_EXERCISE OBJECTIVE_. Would you restate each entry word for word, omitting the pictures?
⟨
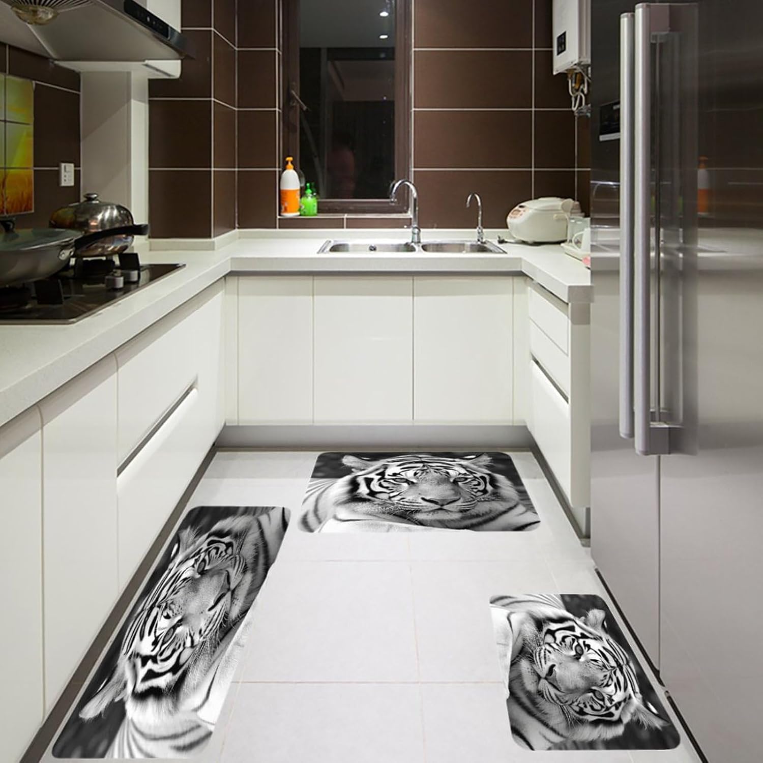 The kitchen is the heart of every home, and having reliable floor protection can transform your daily routine. Our 3-piece set of Thickened Kitchen Mats combines soft anti-pilling flannel with practical functionality, addressing all your daily needs. As Absorbent Floor Mats, they quickly soak up spills, preventing slips and falls while keeping your floors dry. The sturdy construction adds extra cushioning, reducing fatigue from long hours of standing at the stove or sink.No more settling for ill-fitting mats that leave your space unprotected. With three versatile sizes, including a Kitchen Runner Rug for narrow areas, this set covers every corner of your kitchen. The non-skid backing of our Anti-Slip Kitchen Rugs ensures they stay securely in place on tile, hardwood, or laminate floors, so you can move around with confidence. These Washable Kitchen Rugs are also fade-resistant, maintaining their fresh look even after multiple washes.Why choose plain floor coverings when you can have style and utility? Our Customizable Kitchen Mats let you print unique designs, turning them into eye-catching Decorative Kitchen Mats that complement your decor. Perfect as Bathroom Rug Sets, Outdoor Floor Rugs, or Multi-Purpose Floor Mats in laundry rooms, they’re a versatile addition to any home. As Stain-Resistant Floor Mats and Quick-Drying Rugs, they offer long-lasting performance with minimal upkeep, making them the ideal choice for busy households.
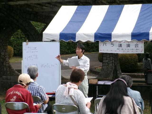 講演後には里見公園の秋バラを実際に見ながら先生に解説していただくバラ園ツアーも開催。
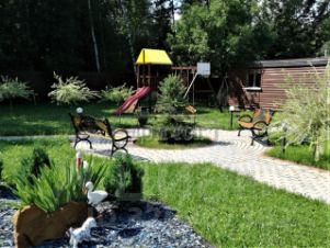 УЧАСТОК: 20 соток, есть выход в лес, в 60 м расположено красивое озеро. Для любителей, возможность половить рыбу и погулять, парковка на 5 машин находится под видеонаблюдением, возле дома стоянка на 4 автомобиля, на территории садовые дорожки из брусчатки. Фонари ночного освещения и удобные лавочки позволяют комфортно находиться на улице в любое время, площадка с газоном для игр с мячом, шатер с качелями, площадка с настольным теннисом под навесом, мангал, детская площадка с горкой и песочницей, беседка 35 м² с печкой, барбекю для жарки и печью под казан. В кухонной части беседки есть мойка и разделочный столы. Зона для костра.
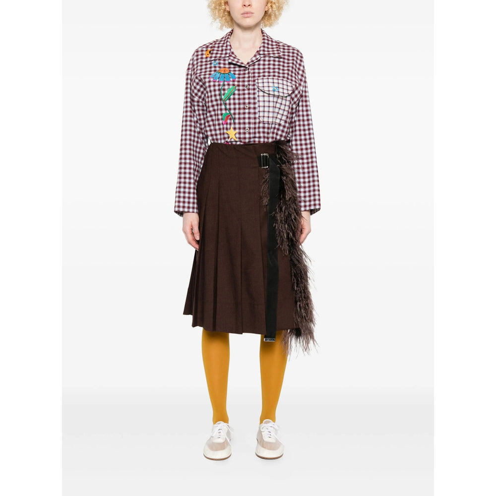 red gingham check pattern embroidered floral motif long sleeves button fastening patch pocket
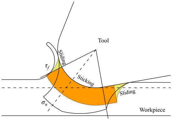 The friction between the tool and the workpiece material is a crucial parameter influencing the MUCT in micro-cutting and affects the generation of frictional heat during the cutting process. Based on the chip formation process in machining, Zorev [30] divided the interaction area between the tool and chip into a sticking region and a sliding region. In micro turning, the locations of the sticking and sliding regions differ from those in conventional cutting; Moon et al. [31] determined the distribution of the bonding and slip zones in the tool corner region based on the material’s plastic flow velocity and the distribution of shear contact forces. This study establishes a cutting friction model based on these two regions to better reflect the friction characteristics in micro-cutting, as illustrated in Figure 3.
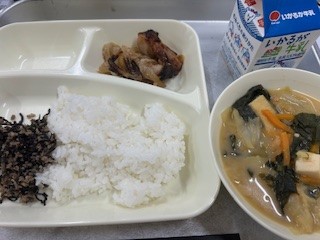 今日の献立は ・鶏肉の甘辛焼き ・みそ汁 ・魚ひじきそぼろ ・ごはん ・牛乳 です。
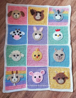 This fun blanket is made by making squares using the lemon peel stitch, then joining with a simple slst. It features 12 different farmyard themed animals that are sewn on each square.
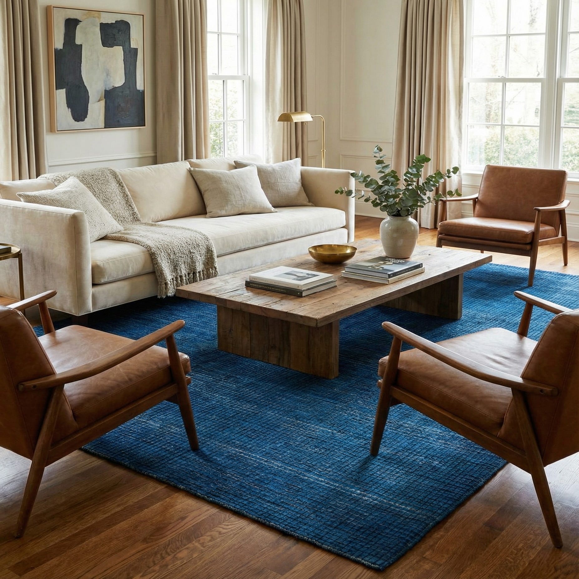 Primary color is Blue. Colors in this rug include: Blue, Black, Ivory.
⟩
_WRITTEN SOLUTION_.
 The kitchen is the heart of every home, and having reliable floor protection can transform your daily routine. Our 3-piece set of Thickened Kitchen Mats combines soft anti-pilling flannel with practical functionality, addressing all your daily needs. As Absorbent Floor Mats, they quickly soak up spills, preventing slips and falls while keeping your floors dry. The sturdy construction adds extra cushioning, reducing fatigue from long hours of standing at the stove or sink.No more settling for ill-fitting mats that leave your space unprotected. With three versatile sizes, including a Kitchen Runner Rug for narrow areas, this set covers every corner of your kitchen. The non-skid backing of our Anti-Slip Kitchen Rugs ensures they stay securely in place on tile, hardwood, or laminate floors, so you can move around with confidence. These Washable Kitchen Rugs are also fade-resistant, maintaining their fresh look even after multiple washes.Why choose plain floor coverings when you can have style and utility? Our Customizable Kitchen Mats let you print unique designs, turning them into eye-catching Decorative Kitchen Mats that complement your decor. Perfect as Bathroom Rug Sets, Outdoor Floor Rugs, or Multi-Purpose Floor Mats in laundry rooms, they’re a versatile addition to any home. As Stain-Resistant Floor Mats and Quick-Drying Rugs, they offer long-lasting performance with minimal upkeep, making them the ideal choice for busy households.
 講演後には里見公園の秋バラを実際に見ながら先生に解説していただくバラ園ツアーも開催。
 УЧАСТОК: 20 соток, есть выход в лес, в 60 м расположено красивое озеро. Для любителей, возможность половить рыбу и погулять, парковка на 5 машин находится под видеонаблюдением, возле дома стоянка на 4 автомобиля, на территории садовые дорожки из брусчатки. Фонари ночного освещения и удобные лавочки позволяют комфортно находиться на улице в любое время, площадка с газоном для игр с мячом, шатер с качелями, площадка с настольным теннисом под навесом, мангал, детская площадка с горкой и песочницей, беседка 35 м² с печкой, барбекю для жарки и печью под казан. В кухонной части беседки есть мойка и разделочный столы. Зона для костра.
 red gingham check pattern embroidered floral motif long sleeves button fastening patch pocket
 The friction between the tool and the workpiece material is a crucial parameter influencing the MUCT in micro-cutting and affects the generation of frictional heat during the cutting process. Based on the chip formation process in machining, Zorev [30] divided the interaction area between the tool and chip into a sticking region and a sliding region. In micro turning, the locations of the sticking and sliding regions differ from those in conventional cutting; Moon et al. [31] determined the distribution of the bonding and slip zones in the tool corner region based on the material’s plastic flow velocity and the distribution of shear contact forces. This study establishes a cutting friction model based on these two regions to better reflect the friction characteristics in micro-cutting, as illustrated in Figure 3.
 今日の献立は ・鶏肉の甘辛焼き ・みそ汁 ・魚ひじきそぼろ ・ごはん ・牛乳 です。
 This fun blanket is made by making squares using the lemon peel stitch, then joining with a simple slst. It features 12 different farmyard themed animals that are sewn on each square.
 Primary color is Blue. Colors in this rug include: Blue, Black, Ivory.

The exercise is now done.